And so I actually sat down to write what would become “You’re a Mean One, Matthew Prince.” At the time it was called “Over the River and Through the Woods” because he goes to grandmother’s house. It was something that I had conceptualized, much to my friend’s chagrin, on a tubing trip we went on to the Berkshires. My best friend invited us all to go and stay in her grandmother’s cabin for the weekend, and we were going to go tubing. I got to this small town, and I was like, oh my gosh, there should be a Christmas movie set here, and it’s going to be about this guy, and he’s going to be rich, and this whole thing. And the whole weekend, I annoyed them to no end.

But when COVID hit, I was like, I need something that’s going to really bring me joy. And I knew that Christmas and romance are two things that always, always bring me joy. And so I just, without any expectations, without any kind of precursor, I just sat down and started writing it for me. And I treated it as my job for the time being, because in those early days of the pandemic we weren’t even leaving our houses. I would just sit at my desk, and I would say, “Okay, I’m gonna write 2, 000 words today. I’ll write them whenever I can, and by the end of this, I’ll have a romance novel. And if it’s just for me, it’s just for me, but if it sees the light of day, even better.”

Jeff: Had you always been a romance reader before the pandemic, or was it the pandemic that kind of brought you into just reading the genre?

Timothy: I was reading around the genre for a while. I started out writing young adult fiction. I actually started my journey to traditional publishing when I was like 16 years old. I was just like set on having a novel. I just knew I wanted to write books. And one day I wanted to, you know, have a story on shelves for people to consume. And I was writing YA fiction with a little bit of magical fantasy bent to them. Some of them were about pop stars. Some of them were about underwater cities. They were all very varied and very weird.
But I was inspired very heavily by the YA romance at the time. I was reading a lot of, like Jennifer E. Smith for instance. I was reading her “The Statistical Probability of Falling in Love” and “This Is What Happy Looks Like.” These just very sweet and sentimental stories that found two people, usually in kind of some happenstance meeting, and falling in love.

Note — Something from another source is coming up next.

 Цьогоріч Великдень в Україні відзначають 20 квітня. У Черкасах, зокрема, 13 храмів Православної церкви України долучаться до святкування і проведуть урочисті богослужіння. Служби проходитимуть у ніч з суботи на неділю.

And then, right around the time that I was in high school, publishing started putting out queer YA novels. I started reading “Will Grayson, Will Grayson,” and I was reading other work by David Levithan and stuff like that. And I started thinking like, “Huh, okay. Maybe there’s room for queer folk in romantic stories too.” But it really wasn’t until the pandemic that I started picking up like adult adult romance novels because up until that point I was pretty focused on wanting to be a young adult author, wanting to write in that space, so that was predominantly what I was reading.

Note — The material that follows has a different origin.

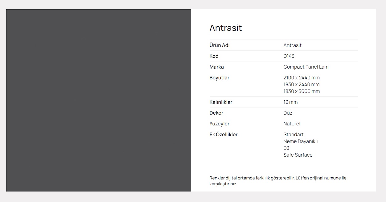 Kod:1001 Antrasit Gri plaka ölçüleri 122*244 olarak üretilmektedir. Yüksek yoğunluklu cdf panel.
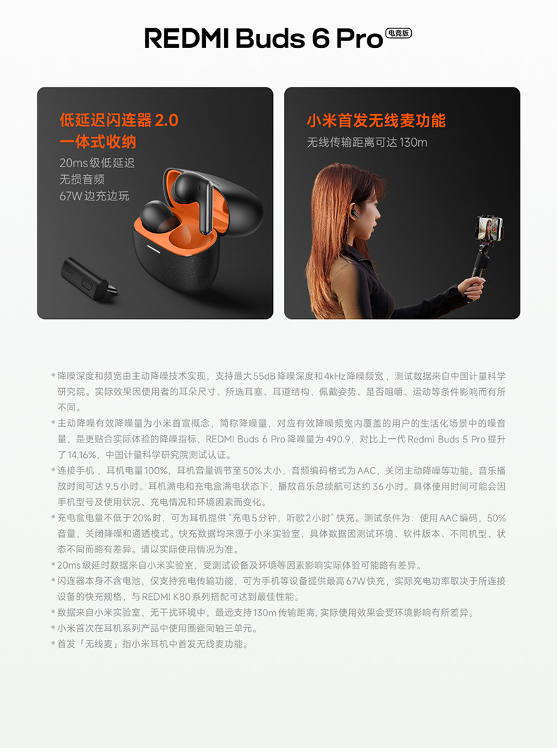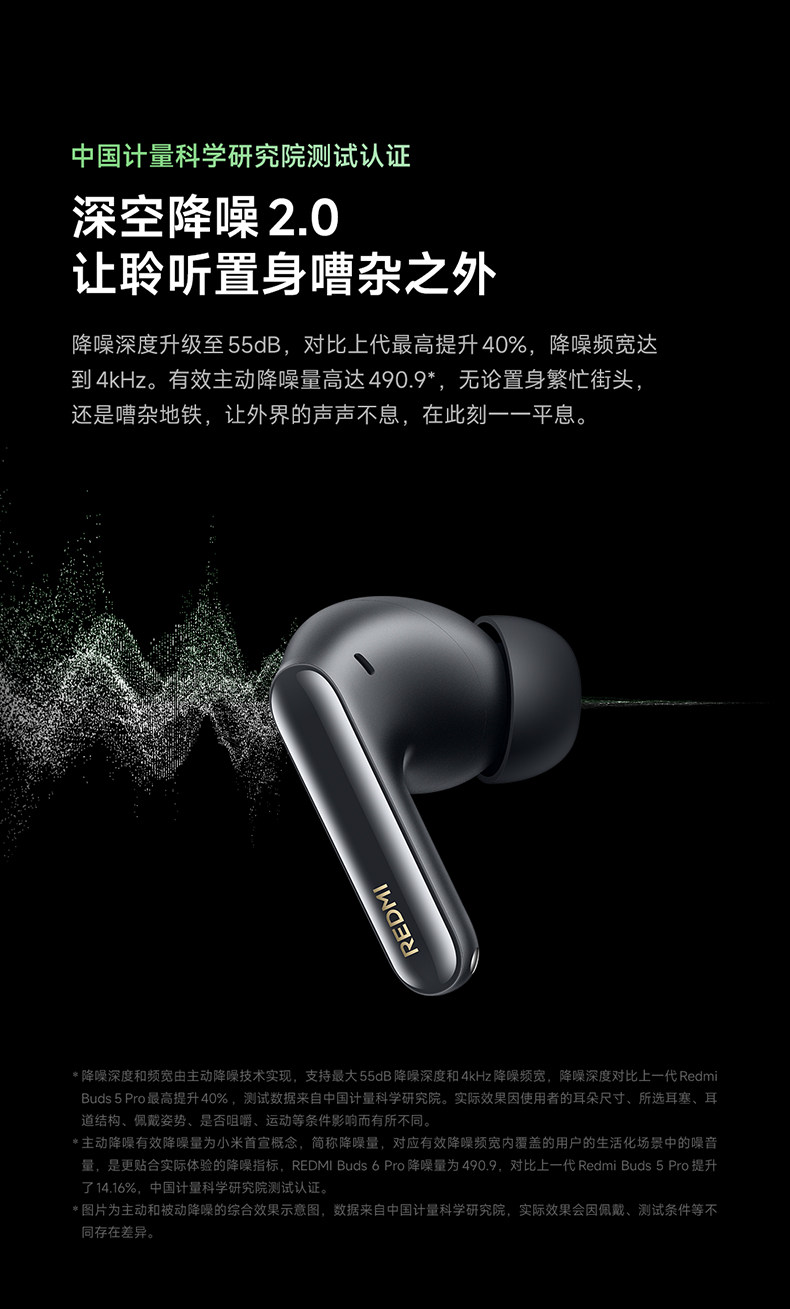 Redmi Buds6Pro 진정한 무선 소음 취소 헤드셋 52db 활성 소음 취소 휴대 전화 유니버설 24 년 새 헤드셋스토어 가기

But I had read some adult romance before that. I had read some Christina Lauren. But during COVID I picked up Emily Henry’s “Beach Read.” And that was the book, especially because it was written in single POV, present tense, just like all my favorite YA novels, that I was like, oh my gosh, wait, maybe there’s a space for me in adult romance too.

And maybe I’d kind of like sunk my claws into YA. And I was like, maybe I had sunk my claws into it because that’s what I was experiencing at that time. But you know, romance follows us to any age. And so I was like, as I grow, my stories can grow too. And so that’s why I wanted to write a story, or multiple stories, about characters in their early twenties who don’t really know how to do their own taxes, who are trying to figure out what their career is going to look like, like how they’re going to hack it on their own. Cause those were all questions that I was wrestling with at the time that I was writing them.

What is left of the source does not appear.